I like that, scissors are always a forgotten tool, but once you start using them you use them for everything!


----------



## mike8913 (Mar 22, 2008)

Someday said:


> Is it just me or have Chens' quality deteriorated in the last few years? They seem flimsier and more prone to wear and tear than some of my old pairs. Dunno if its me or the product is being manufactured cheaper.


Agreed... Trying to find a brand to replace them.

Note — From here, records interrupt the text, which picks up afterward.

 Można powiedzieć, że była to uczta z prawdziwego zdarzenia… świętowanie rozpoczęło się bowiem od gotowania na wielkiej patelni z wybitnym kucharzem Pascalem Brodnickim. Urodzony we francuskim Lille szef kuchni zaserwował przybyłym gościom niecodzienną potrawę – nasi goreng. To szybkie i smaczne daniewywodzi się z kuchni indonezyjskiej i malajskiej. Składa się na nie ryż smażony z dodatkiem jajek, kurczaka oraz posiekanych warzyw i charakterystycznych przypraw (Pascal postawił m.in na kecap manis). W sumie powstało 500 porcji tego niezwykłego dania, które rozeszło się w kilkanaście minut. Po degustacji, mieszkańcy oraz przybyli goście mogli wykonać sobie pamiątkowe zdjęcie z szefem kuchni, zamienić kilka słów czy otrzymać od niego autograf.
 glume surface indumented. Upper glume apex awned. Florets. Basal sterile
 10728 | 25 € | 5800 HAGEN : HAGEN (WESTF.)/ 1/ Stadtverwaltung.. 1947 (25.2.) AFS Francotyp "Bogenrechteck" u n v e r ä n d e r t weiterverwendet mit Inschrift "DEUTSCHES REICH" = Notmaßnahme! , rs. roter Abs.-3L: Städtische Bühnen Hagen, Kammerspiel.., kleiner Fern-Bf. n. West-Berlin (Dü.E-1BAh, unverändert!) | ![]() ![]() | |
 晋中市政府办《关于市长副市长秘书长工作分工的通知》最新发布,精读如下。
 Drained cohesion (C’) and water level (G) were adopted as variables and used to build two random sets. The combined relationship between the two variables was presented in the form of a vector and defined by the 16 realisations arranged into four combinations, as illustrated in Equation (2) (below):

Any tips?


----------



## gilest (Apr 1, 2011)

The most important tool is the million dollar tool, the "rubber spatula", waste is money.


----------



## pollopicu (Jan 24, 2013)

I recently discovered this whisk, and it's become one of the most useful tools in my kitchen.


----------



## hpross (Feb 5, 2013)

1. Konosuke HD Chef knife - stones to sharpen. 

2. Sharpie/Pencil

3. Bowl Scraper

4. Off Set / Plating Tongs

5. Spoon


----------



## robbie rensel (Feb 21, 2013)

gilest said:


> The most important tool is the million dollar tool, the "rubber spatula", waste is money.


Good point, this would always be my pet peeve for new cooks in the kitchen. They would not scrape out every last bit of a container. Good thought, would have never came to mind.


----------



## robbie rensel (Feb 21, 2013)

Pollopicu said:


> I recently discovered this whisk, and it's become one of the most useful tools in my kitchen.

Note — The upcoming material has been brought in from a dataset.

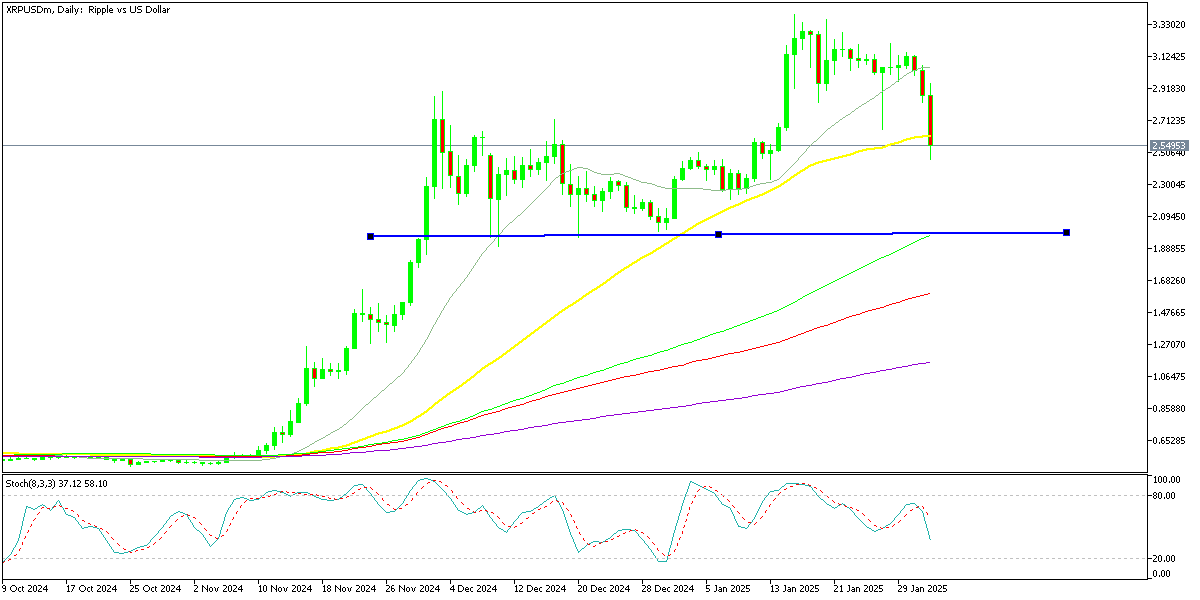 Cryptocurrencies have tumbled lower over the weekend due to US tariffs, with XRP dipping below $2.50, but there are signs of a bounce off the support, which comes around $2,50 for Ripple coin.
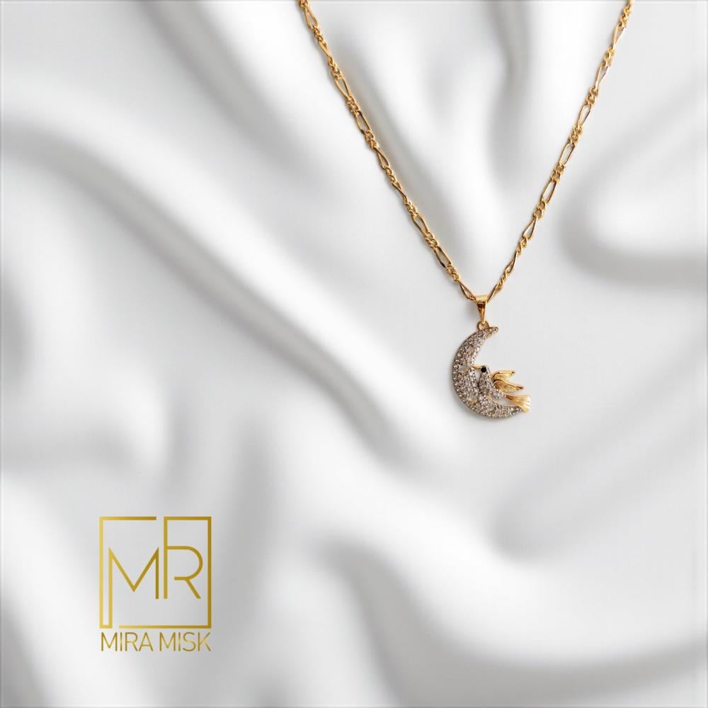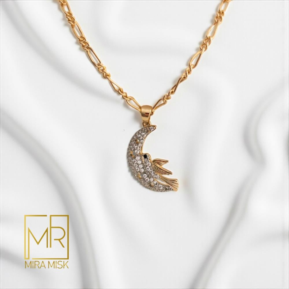 تجمع تعليقة طيف بين شاعرية الهلال وخفة العصفور في قطعة تنبض أناقة. صُنعت على قاعدة تنجستن كوري أصلي ومُطلية بذهب 21 قيراط مع ترصيع زركون مكعّب يمنح لمعانًا آسراً. سلسلتها قابلة للتعديل لتلائم طبقاتك اليومية أو إطلالات السهرة الرقيقة

What is your favorite thing to use it for?


----------



## pollopicu (Jan 24, 2013)

I use it for roux mostly, but it also comes in handy for small amounts of pan sauces.


----------



## nibbles (Feb 12, 2013)

shun premier knives

microplane zester, I swear I use this almost daily

kitchen shears


----------



## vagabond (Jan 26, 2014)

Spoons, Fish Spat, chef knife, utility knife, towels, tape, sharpie.


Don't walk onto a line without any of these.


----------



## beastmasterflex (Aug 14, 2013)

Boot. For placement in peoples asses.


----------



## phaedrus (Dec 23, 2004)

I suppose that my Japanese knives would probably be at the top of the list, but my 12" Edlund tongs would be hard to live without.  Try them and you'll never go back to the generic Chinese/Indian crap again.


----------



## paul hallinan (Jan 29, 2014)

Hi,

Thanks very much for the responses.

The survey is for my final graduate project in Industrial design.

Much appreciated.

Paul


----------